Os livros são a base do trabalho de Jimson e se apresentam de diferentes maneiras. A linguagem é nome, diz Derrida, e os nomes têm vida própria:

 

“Há então uma potência da linguagem, ao mesmo tempo uma dynamis, uma virtualidade envelopada, uma potencialidade que se pode ou não passar ao ato; ela é escondida, enterrada, sonolenta. Esta potencialidade é também um poder, uma eficácia própria que age por ela mesma, de modo quase autônomo, sem a iniciativa e além do controle dos sujeitos falantes.”1

 

Nos trabalhos de Jimson é o silêncio que impera, já não há leitores, mas observadores, nem a linearidade que a leitura proporciona e tampouco os livros podem ser manuseados. Projetam “seus conteúdos como externalidade pura”, afirma Liliane Benetti.2

Um conjunto de colagens, da série Unidade tripartida, faz parte da exposição. São realizadas com recortes finos do Lorem Ipsum, texto em latim usado para testes de diagramação de livros e projetos gráficos. São letras, que raramente fazem sílabas ou nomes, se contorcendo em formas sinuosas, fechadas, uma entrando dentro da outra. É uma espécie de destruição da potência da linguagem, tornando-a “sem a iniciativa e além do controle dos sujeitos falantes”, retomando Derrida.

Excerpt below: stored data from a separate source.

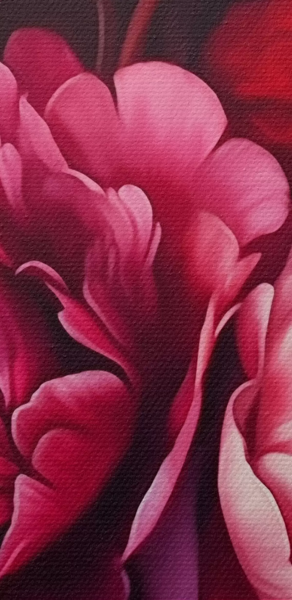 De fijne weving van draden op dit doek lijkt op het oppervlak van professionele schildersdoeken.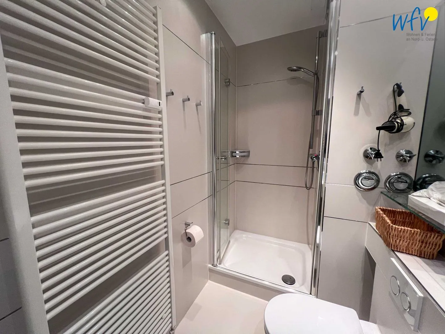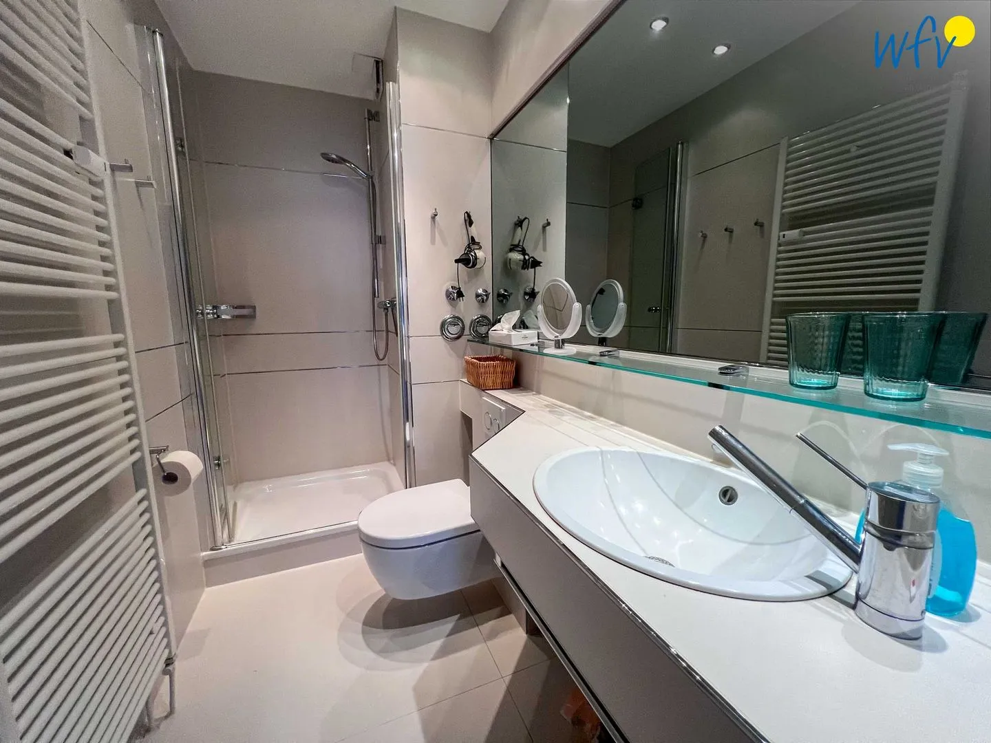 Für zusätzlichen Wohnkomfort sorgt das elegante Badezimmer mit Dusche, breitem Waschtisch, großem Spiegel sowie Kosmetikspiegel, Föhn und Handtuchheizung.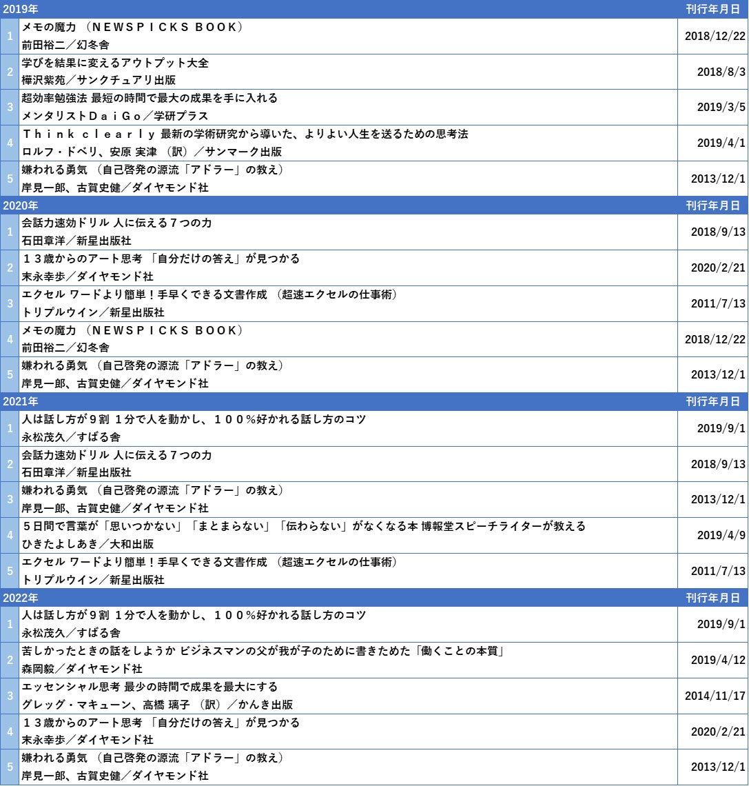 「ビジネス実務・自己啓発」はエントリーシートや面接で聞かれることもあるため、就活時のキーワードとも考えられます。2019年~2022年のhonto会員20~30歳の購入実績からみた売れ筋タイトルは比較的ロングセラーといえるタイトルが並びました。
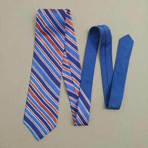 Tommy Hilfiger made in USA striped 100% silk tie blue orange stripes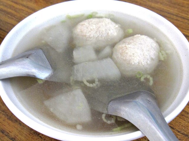 「貢丸湯」は,肉団子とダイコン入りの塩味スープで,小口切りのセロリが浮いています.アッサリ薄味で,セロリの風味がイカしてました.「肉圓」の合いの手にピッタリです.

No segundo andar da Galeria uma grande instalação, Sem título (tragédia civil), remete a Samuel Beckett, em especial ao seu livro Le dépeupleur, escrito em francês, em 1970 e traduzido para o português como O despovoador.  Uma ruma de 80 livros, em papel jornal, jogados no chão com as capas umas sobre as outras, o que não deixa de aludir às 200 pessoas no cilindro de Beckett: umas coladas ao muro, outras andando na periferia e algumas no centro procurando subir nos nichos existentes no alto das paredes. Como um “matemático e poeta”, utilizando as palavras de Edith Fournier3, o autor, tal um compositor nos propõe um cilindro completamente fechado, pleno de seres cativos, com leis rigorosas, suscitando uma multiplicidade de leituras. Jimson também se utiliza de elementos geométricos nos formatos dos livros, começando por 20x30 cm, 20x35 cm, etc., até chegar ao maior de 40x20 cm. Uma lâmpada de bulbo amarela, forte, reitera ainda mais o Despovoador, mas também remete à lâmpada do Guernica. O resto da sala fica em penumbra, longe dos olhos.

De certo modo há uma espécie de profanação quando o artista utiliza livros em branco, sem um signo da escrita, mas como objetos escultóricos. Desde os códex da Antiguidade, ou antes mesmo, a escrita tem encontrado vários e diferentes suportes. Liberar o livro de seu fundamento, que é transmitir ficções, informações e conhecimentos, é dar um passo na própria ficção estética.

 

1 Jacques Derrida. Les Yeux de la langue.. .L’abîme et le volcan. Paris: Galilée, 2012.

2 Liliane Benetti. Lê-se nas paredes o peso dos corpos, 2013. In: https://www.jimsonvilela.com/textos

3 Edith Fournier. Samuel Beckett Mathématicien et poète. In: Critique, n.519-520, ago/set, 1990.